Simeon Hodson

Personal information
- Full name: Simeon Paul Hodson
- Date of birth: 5 March 1966 (age 60)
- Place of birth: Lincoln, England
- Height: 5 ft 9 in (1.75 m)
- Position: Defender

Youth career
- 1982–1984: Notts County

Senior career*
- Years: Team / Apps / (Gls)
- 1983–1985: Notts County / 27 / (0)
- 1984–1985: Charlton Athletic / 5 / (0)
- 1985–1986: Lincoln United
- 1985–1987: Lincoln City / 56 / (0)
- 1987–1988: Newport County / 34 / (1)
- 1987–1993: West Bromwich Albion / 83 / (0)
- 1992–1993: Doncaster Rovers / 15 / (0)
- 1992–1993: Kidderminster Harriers / 6 / (0)
- 1992–1993: Mansfield Town / 17 / (0)
- 1993–1997: Kidderminster Harriers / 125 / (0)
- 1996–1998: Rushden & Diamonds / 25 / (0)
- 1997–1999: Telford United / 26 / (0)
- 1998–2000: Altrincham / 68 / (0)
- 2000–2001: Sutton Coldfield Town

International career
- 1994: England C / 3 / (0)

= Simeon Hodson =

English footballer (born 1966)

Simeon Paul Hodson (born 5 March 1966) is an English former professional footballer who made 237 appearances in the Football League, principally for his hometown team Lincoln City and for West Bromwich Albion, before moving into the non-league ranks.

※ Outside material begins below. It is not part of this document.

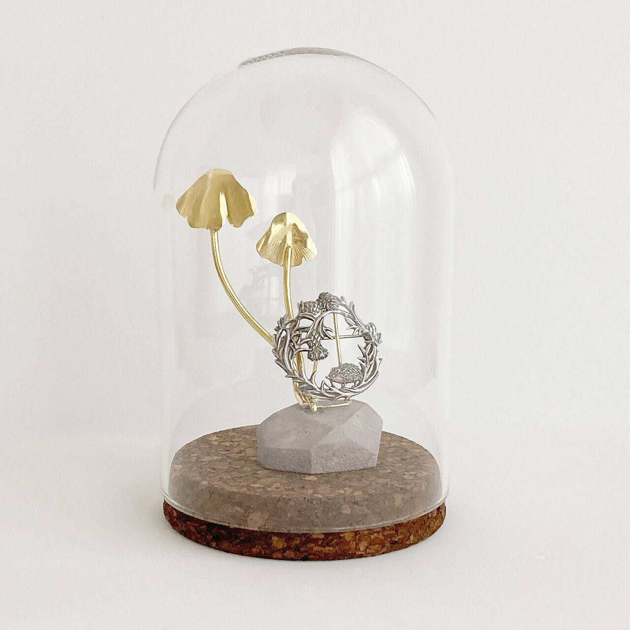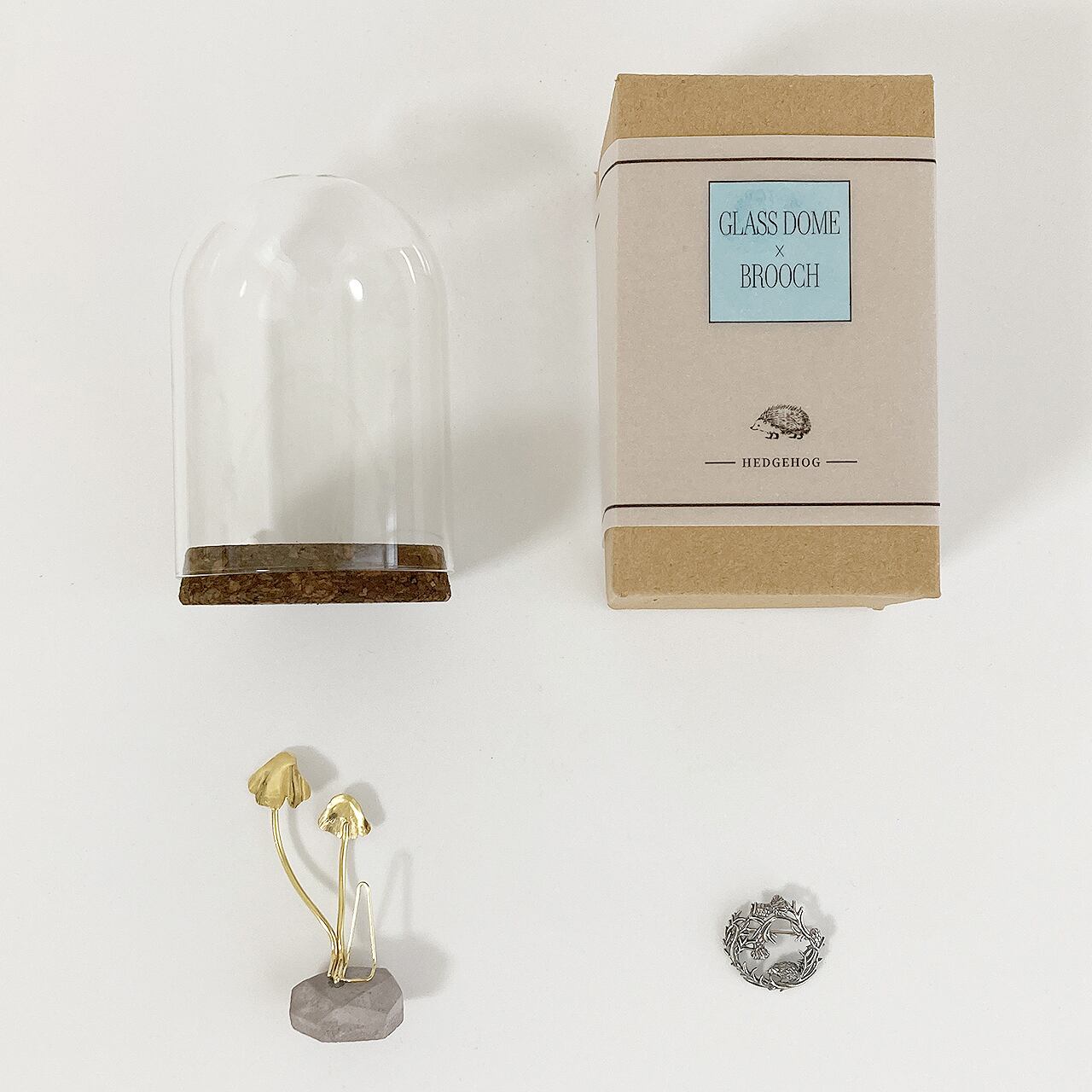童話のような世界観とクラシックなデザインのブローチをドーム状のガラスに閉じ込めました。中のブローチはマフラーやトートバックのワンポイントとしても着けられ、装身具として使わない時にはメタル土台にセットしてインテリアとしてもお楽しみいただけます。

He spent a number of seasons playing in the Football Conference, making a total of 216 league appearances at this level. He was the captain of the champions Kidderminster Harriers in 1993–94 and also represented the England semi-professional football team. He retired in the summer of 2001 with a knee injury.

==Sutton Coldfield Town==
Following the relegation of Altrincham from the Football Conference into the Northern Premier League, the increased travelling commitments required of the Tamworth-based Hodson meant he looked for a team close to home, spending pre-season with both Rugby United and Sutton Coldfield Town before agreeing a deal with the latter. He debuted in the 2–1 Southern Football League Western Division defeat to Evesham United on 19 August with his final appearance being the 2–1 home defeat to Mangotsfield United on 5 May 2001. He was forced to retire in the summer of 2001 due to knee problems that would not be improved with surgery.

==Relegations==
Simeon was known as something of a football Jonah during his career due to the number of relegations he suffered
. He has been involved in teams relegated from the top five levels of the English football league system. In his debut season, 1983–84, he was part of the Notts County team relegated from the First Division. In 1990–91 he was part of the West Bromwich Albion team relegated from the Second Division. His two seasons, 1985–86 and 1986–87, with Lincoln City saw him relegated from first the Third Division and then the Fourth Division. In 1999–2000 he was relegated from the Football Conference with Altrincham. In 1992–93 he was a member of the Mansfield Town team relegated from the Second Division which, following the inception of the FA Premier League, was now the third level of the league system. Thus, he can also claim to have been relegated from the top five levels of the English football league system with five different clubs.

It is worth noting that, though he left before the season's end, he played for Notts County in the 1984–85 season when they went on to be relegated from the Second Division. Consequently, his first four seasons saw him involved with clubs relegated from the top four levels in order. To cap it all off, his fifth season (1987–88) saw him initially at Newport County who went on to be relegated from the Fourth Division.

==Career after football==
Having previously worked as a watchmaker and in distribution, in October 2006, Hodson joined Warwickshire Police as the Police Community Support Officer for Ansley Common, Ansley Village, Whitacre and Arley. He is now responsible for the Baddesley Ensor, Grendon and also the Dordon area. Residing in Glascote, in Autumn 2008 he, along with a 16-year-old boy, helped save the life of a woman after she had fallen into a canal at Fazeley. Hodson was off duty at the time and had passed the scene whilst out jogging with his daughter.